A caricaturist zeros in on several points on a person's face. Maybe it's a slightly larger nose, or a bit of a crooked smile, or maybe something as pedestrian as deeply blue eyes or a natural blush. The caricaturist's aim is to exaggerate and minimize what sets the face apart. His aim is not to make ugly, but often times a caricature looks ugly. If you've ever had one done you know the righteous indignation that accompanies first sight,

"I don't really look like that!" you say, and of course you don't.

But you kind of do. Not really. But sort of. Enough that you're recognizable, not enough that anyone who knows your face well would say it's an exact likeness.

Within culture at large, and Church culture especially, caricaturists abound. In some ways, they're the comedians of the inner circle; the Jon Acuff and Jen Hatmakers. They zone in on the ridiculous and ludicrous parts of the Christian life and family and help us all laugh at ourselves. They satire, and they're good at it, and we laugh at them because they're helping us laugh at ourselves.

When Caricature goes badly is when a sly artist studies a theology or movement solely to find the weak or shallow parts. Then they pound out a blog post heard round the world for a split second and then life goes on as normal. A moment of fame while everyone points and laughs at the funny man in the picture, asks how could he be so silly and stupid and ugly, and how could he not know he's so silly and stupid and ugly.

Ha ha.

. . . . . . . . . . . . . . . . . . .

Here's the other thing about caricatures: we know the elongated nose or tiny eyes or stout neck are true about us; in fact, nobody sees our face in the mirror, under such a microscope as we do.

But when the caricature is passed around as truth for long enough, everyone starts to believe that's our real face. That's who we really are. But it's not.
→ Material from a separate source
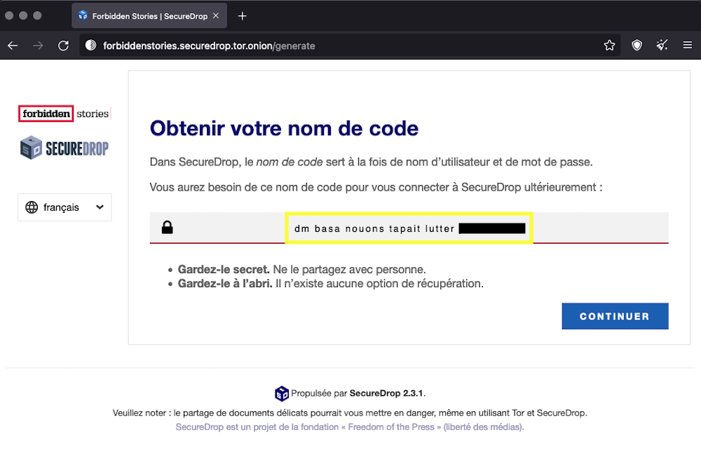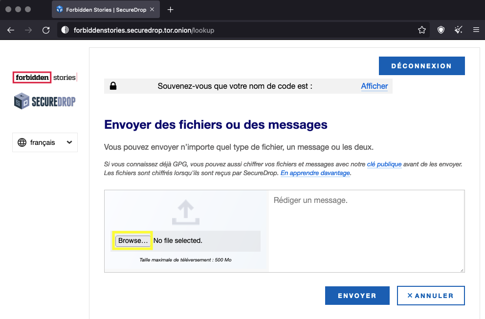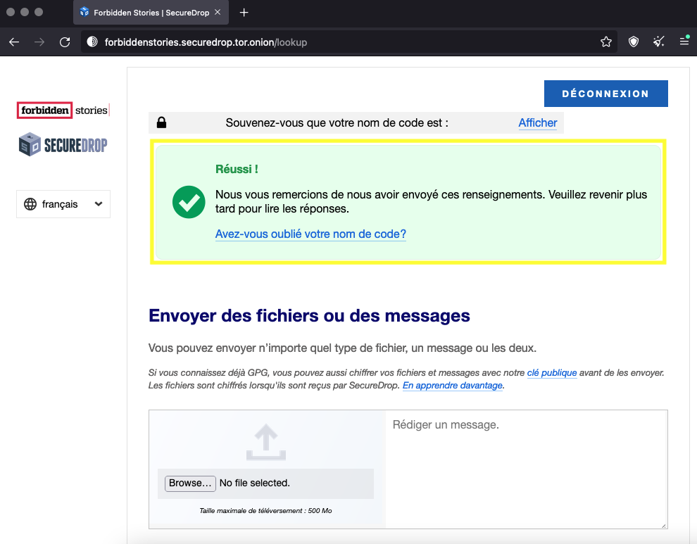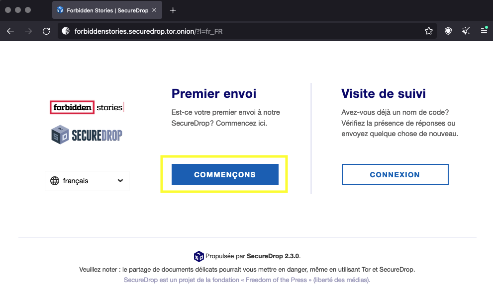 4. Bienvenue ! Vous êtes bien arrivés sur l’interface SecureDrop de Forbidden Stories. Si la page ne s’affiche pas, c’est sûrement parce qu’elle est en train de charger. Cela peut prendre un certain temps si votre connexion internet est mauvaise. Mais cela reste généralement rapide.

That's not the person who wakes up in the morning, drinks their coffee while they read the bible, who packs lunch for her kids or drops the shampoo in the shower, who can't find their keys where they left them, who buys coffee for the person behind them in line, who killed it at the meeting with his coworkers, who meets weekly with a guy who just needs prayer and a friend, who forgot to put gas in the car, who falls into bed every night exhausted and confident that they are doing exactly what God designed them to do and be and look like.

Who cares about a caricature when there are real people to be seen?

If you are tempted to zero in on a particular face of a movement and draw for the world a caricature they won't forget, what you need to remember is at the end of the day we throw those caricatures in the garbage. Nobody really wants to look at them, and especially not the subject of the drawing. Why? Because it's not true. It's partially true, which makes it not true.

If you want people to listen to what you have to say, really listen, not just rally around you, or press like on your Facebook post, you have to sit with them and be true with them, and be truthful about them.

I asked an artist one time, a man who paints likenesses that almost breathe with life, how he made the paintings.

"Do you take a photo and paint from that?" I asked him.

"Oh, no," he said, "I make the subject sit in front of me, hours and hours and hours. How could I paint them life-like if I did not see them living?"